CREATE TABLE schema.target_table (
id int,
supported_column timestamp,
array_column_json jsonb -- any column type, actually
)
""",
)
write_df = df.select(
df.id,
df.supported_column,
to_json(df.unsupported_column).alias("array_column_json"),
)
writer = DBWriter(
connection=postgres,
target="schema.target_table",
)
writer.run(write_df)
Then you can parse this column on Postgres side (for example, by creating a view):
SELECT
id,
supported_column,
array_column_json->'0' AS array_item_0
FROM
schema.target_table
To avoid casting the value on every table read you can use GENERATED ALWAYS STORED column, but this requires 2x space (for original and parsed value).

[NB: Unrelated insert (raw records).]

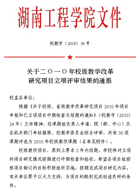 公司左双喜、张丽波老师课题在公司2010年校级教改研究项目立项。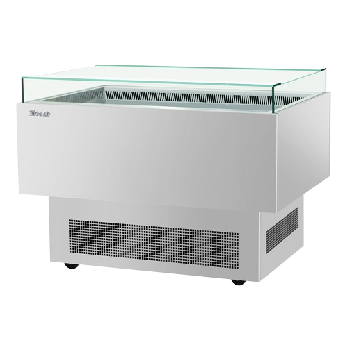 Description: Open Display Sandwich & Cheese Merchandiser, 50"W x 35-3/8"D x 34"H, 2.48 load line cu. ft. capacity, self-contained refrigeration with self-cleaning condenser, digital temperature controller, single pane tempered glass, bottom lit LED interior lighting, stainless steel airflow grille, stainless steel exterior, 3" swivel casters (2 with brakes), R290 Hydrocarbon refrigerant, 1/3 HP, 115v/60/1ph, 8.0 amps, cord with NEMA 5-15P, cETLus, ETL-Sanitation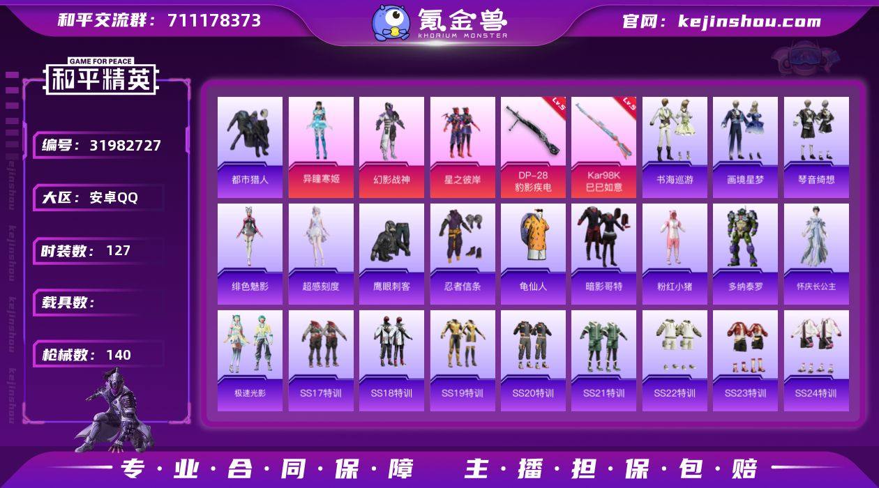 安卓 手Q-3粉装-5特效枪-0载具-2粉色飞行器-40791热力值-2王牌印记-127套装-140枪皮 【热门品类】:套装-都市猎人,套装-忍者信条,套装-龟仙人,套装-暗影哥特,套装-粉红小猪 【粉色套装】:粉装-幻影战神,粉装-星之彼岸,角色-异瞳寒姬 【粉色枪皮等级】:AKS-74U-森灵之息(五级),Kar98K-巳巳如意(五级),Mk14-福马献瑞(五级),DP-28-豹影疾电(五级),PKM-萌骑夺宝(五级) 【粉色枪皮】:AKS-74U-森灵之息,Kar98K-巳巳如意,Mk14-福马献瑞,DP-28-豹影疾电,PKM-萌骑夺宝 【粉色飞行器】:绝对恒星飞行器,炫彩糖果飞行器 【粉色降落伞】:绝对恒星降落伞,橘柚倾心降落伞,异瞳寒姬降落伞,炫彩糖果降落伞 【稀有套装】:套装-龟仙人,角色-超感刻度,套装-雪国风尚,套装-炫彩糖果,角色-魂电,角色-X,套装-马上有钱,角色-多纳泰罗,角色-怀庆长公主,套装-极速光影,角色-绯色魅影,套装-书海巡游,套装-画境星梦,套装-琴音绮想,套装-雨过天青,套装-红釉青花 【稀有枪皮】:AUG-冰晶雪宝,AKM-彩虹符号,AKM-影袭,AKM-灼热熔岩,AKM-生命誓言,AKM-破晓战魂,AKM-霓虹街区,AKM-龙的传人,M16A4-幻世战舞者,SCAR-L-夜灯,SCAR-L-炫彩节奏,SCAR-L-玉兔迎春,SCAR-L-红色方程式,M416-红色方程式,M416-绯红前夜,M416-蓝色火焰,GROZA-影袭,AUG-天降萌叽,AUG-幻影战神,AUG-耀粉歌者,QBZ-未来歌姬,QBZ-飞驰魅影,M762-第五大道,AC-VAL-天降萌叽,蜜獾-天降萌叽,ACE32-画境星梦,UZI-天降萌叽,UZI-幻影战神,UZI-影袭,UZI-红色方程式,UMP45-夜灯,UMP45-炫光之旅,UMP45-生命誓言,UMP45-蓝色火焰,Vector-生命誓言,汤姆逊-幻影战神,汤姆逊-炫彩节奏,野牛-天星战神,MP5K-画境星梦,P90-飞驰魅影,Kar98K-影袭,Kar98K-炫彩节奏,Kar98K-飞驰魅影,M24-影袭,M24-炫彩节奏,AWM-恐龙拽...

Manual conversion to string#
Postgres connector also supports conversion text value directly to target column type, if this value has a proper format.
For example, you can write data like [123, 345)
to int8range
type because Postgres allows cast '[123, 345)'::int8range'
:
from pyspark.sql.ftypes import StringType
from pyspark.sql.functions import udf
from onetl.connection import Postgres
from onetl.db import DBReader
postgres = Postgres(...)
postgres.execute(
"""
CREATE TABLE schema.target_table (
id int,
range_column int8range -- any column type, actually
)
""",
)
@udf(returnType=StringType())
def array_to_range(value: tuple):
"""This UDF allows to convert tuple[start, end] to Postgres' range format"""
start, end = value
return f"[{start},{end})"
write_df = df.select(
df.id,
array_to_range(df.range_column).alias("range_column"),
)
writer = DBWriter(
connection=postgres,
target="schema.target_table",
)
writer.run(write_df)
This can be tricky to implement and may lead to longer write process. But this does not require extra space on Postgres side, and allows to avoid explicit value cast on every table read.